To boost long-term growth, the OECD suggests that, “Further reforms to inject dynamism in labour and product markets [read: attack labour laws and workers’ rights], combined with re-designed intellectual property right policies, will be needed to sustain innovation, productivity and employment.” The OECD report quickly adds, however, that, “Such policies could put further pressure on earnings inequality however.”

Meanwhile, other long term projections only reinforce the message that inequality – already growing over the past few decades – is set to rise further in the years ahead. What productivity gains there may be from new innovation and technology will, under capitalism, accrue far more quickly to the owners of capital than to workers. Growing profits at one pole will be accompanied by growing unemployment at the other, as machines displace labour and even middle-class jobs come under threat from automation. As The Economist reports:

“In the early part of the Industrial Revolution the rewards of increasing productivity went disproportionately to capital; later on, labour reaped most of the benefits. The pattern today is similar. The prosperity unleashed by the digital revolution has gone overwhelmingly to the owners of capital and the highest-skilled workers. Over the past three decades, labour’s share of output has shrunk globally from 64% to 59%. Meanwhile, the share of income going to the top 1% in America has risen from around 9% in the 1970s to 22% today.”

And again:

“...some now fear that a new era of automation enabled by ever more powerful and capable computers could work out differently.

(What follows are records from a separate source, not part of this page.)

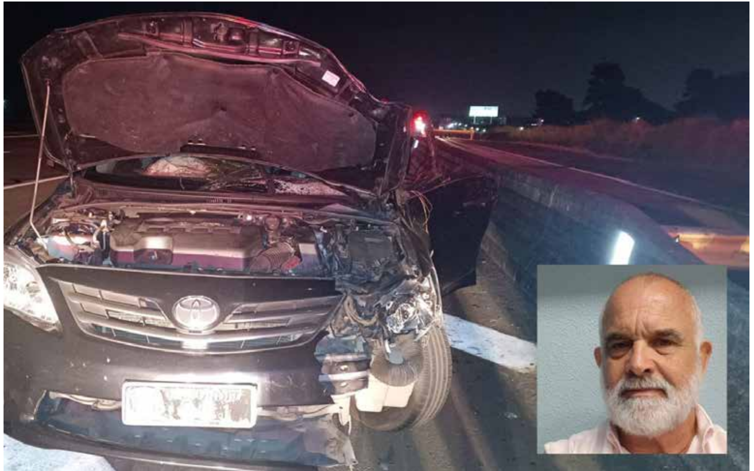
O acidente ocorreu às 21h15 na altura de Hortolândia

Segundo a Polícia Rodoviária, cerca de oito cavalos estavam soltos na pista no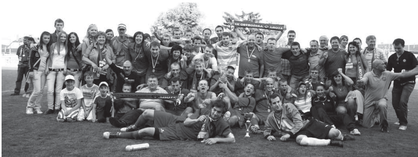
Fotbalisté Ostrožské Lhoty vybojovali po sedmnácti letech pohár Okresní fotbalové soutěže Uherské Hradiště, a tak měli důvod k obrovské radosti.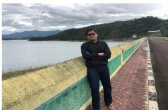
Gambar 1. Jembatan Tembok Cina ( Foto ini diambil pada tanggal 06 November 2020, Bendungan Batutegi, Vivo V11 )

Berikut adalah foto-foto ketika saya mengunjungi jembatan tembok cina ini :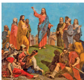
La moisson est abondante, mais les ouvriers sont peu nombreux.

PÈLERINAGE DU ROSAIRE Lundi 3 octobre 2022 au samedi 8 octobre 2022 Les bulletins d'inscription sont disponibles au presbytère de la Basilique Contact : Elyane Foullonneau 06 63 75 73 20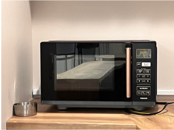
種別：電子レンジ 個数：1 詳細：YAMAZEN YRV-F230(B)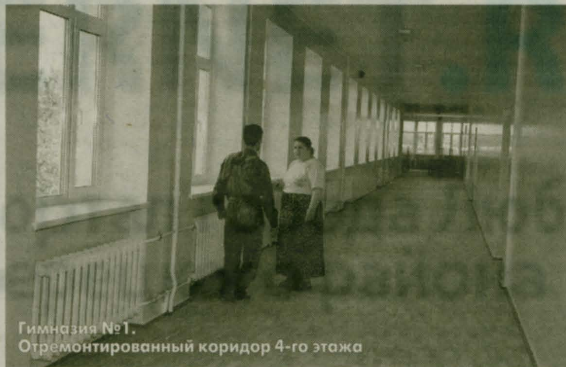
Гимназия №1. Отремонтированный коридор 4-го этажа

Заканчиваются работы по подготовке и опрессовке внутренних тепловых систем к предстоящему осенне-зимнему сезону. Таким образом, из 66 учреждений, находящихся на балансе комитета по образованию, по состоянию на 15 августа определенные результаты есть лишь в 49, что составляет 74%. В поселках Томилино, Малаховка, Октябрьский подготовка отопительных систем уже завершается. Данная работа в учреждениях пос. Красково проходит неудовлетворительно.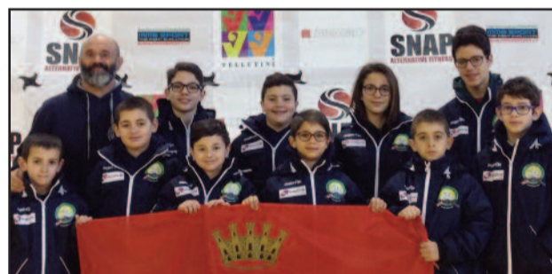
LA TRINACRIA BJJ ACADEMY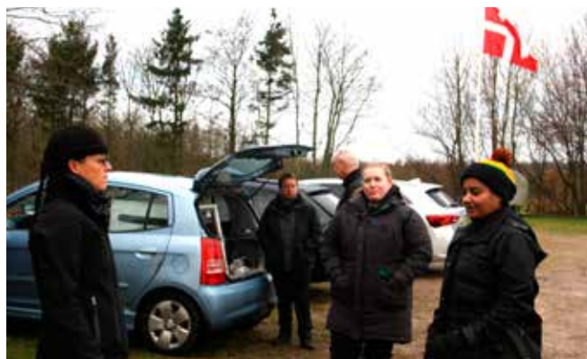
Vi mødtes på P-pladsen

Områderedaktør - Grethe Schnell ph2nyt@gmail.com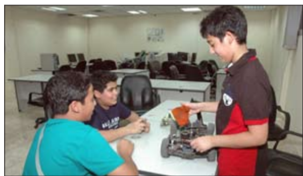
ورش النادي العلمي تستهجد تنمية الجانب العلمي لدى المشاركين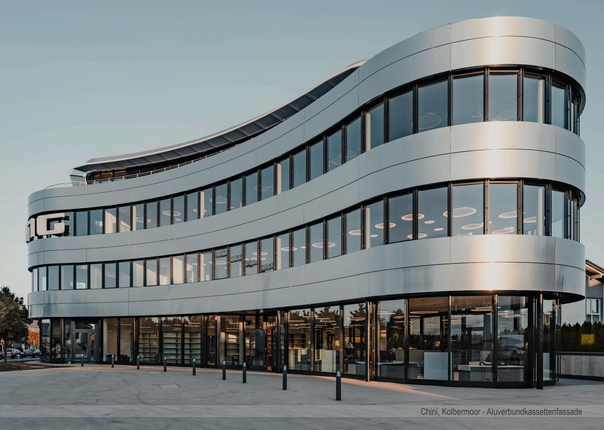
Chini, Kolbermoor - Aluverbundkassettenfassade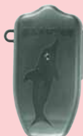
Estuche de protección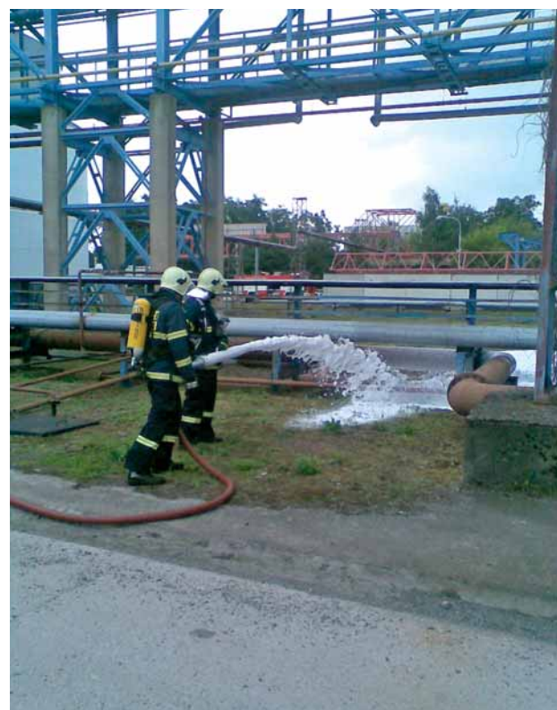
Odborné schopnosti prokázali příslušníci podnikové jednotky i v prvním provozu.

„Příslušníci jednotky se v průběhu cvičení seznamují s jednotlivými provozy, jejich technologiemi, vhodným nasazení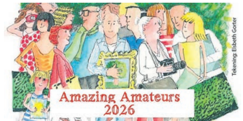
Amazing Amateurs Aalsmeer. Tekening door Elsbeth Gorter

huis in Aalsmeer. Hier worden alle kunstwerken samen gepresenteerd. De tentoonstelling biedt ruimte aan verschillende kunstvormen. Of je nu schildert, tekent, fotografeert, met textiel werkt of op een andere manier creatief bezig bent: iedereen kan meedoen. De expositie is te zien van 13 mei tot en met 5 juni en is vrij toegankelijk voor bezoekers. Tijdens deze periode kan het publiek stemmen op een favoriet kunstwerk. Deelnemers maken daarmee kans op zowel een publieksprijs als een jury-prijs. Aanmelden voor deelname is mogelijk vanaf 6 april. Meer informatie over deelname, de voorwaarden en het inschrijfformulier is te vinden op www.skca.nl .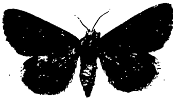
Fig. 1 (oben): Catocala kotshubeji Shel. ♂.

They start from the observation that, across the rich world, all is far from well in the world of work. The essence of what they see as a work crisis is that in rich countries the wages of the typical worker, adjusted for cost of living, are stagnant. In America the real wage has hardly budged over the past four decades. Even in places like Britain and Germany, where employment is touching new highs, wages have been flat for a decade. Recent research suggests that this is because substituting capital for labour through automation is increasingly attractive; as a result owners of capital have captured ever more of the world’s income since the 1980s, while the share going to labour has fallen...

“...technical change is increasingly taking the form of ‘capital that effectively substitutes for labour’. There may be a lot more for such capital to do in the near future. A 2013 paper by Carl Benedikt Frey and Michael Osborne, of the University of Oxford, argued that jobs are at high risk of being automated in 47% of the occupational categories into which work is customarily sorted. That includes accountancy, legal work, technical writing and a lot of other white-collar occupations.”

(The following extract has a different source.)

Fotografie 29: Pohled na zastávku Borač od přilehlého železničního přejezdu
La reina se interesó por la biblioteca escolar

All of this is a recipe for an intensification of the class struggle, as the needs of capital come into conflict with the needs of workers and youth to maintain their living standards. The future will be one not only of crisis, stagnation, and decline on the economic place, but of mass movements, struggles, and revolutions also. Everything that the ruling class does to restore economic stability will only further destabilise the social and political order, and vice-versa.

This is the new normality facing society: a future of instability at all levels – economically, socially, and politically. The relative stability in the economy at the present time will only be a prelude to another – higher – phase of the crisis of capitalism; a calm before the tumultuous storms that lie ahead.

We are living in turbulent times – times, when, in the absence of a clear understanding, it is easy to be blow hither and thither by events. But with the compass of Marxism to guide us, we will not be taken by surprise, but will steer a steady course as we fight for the socialist transformation of society. We invite our readers to join us in this fight.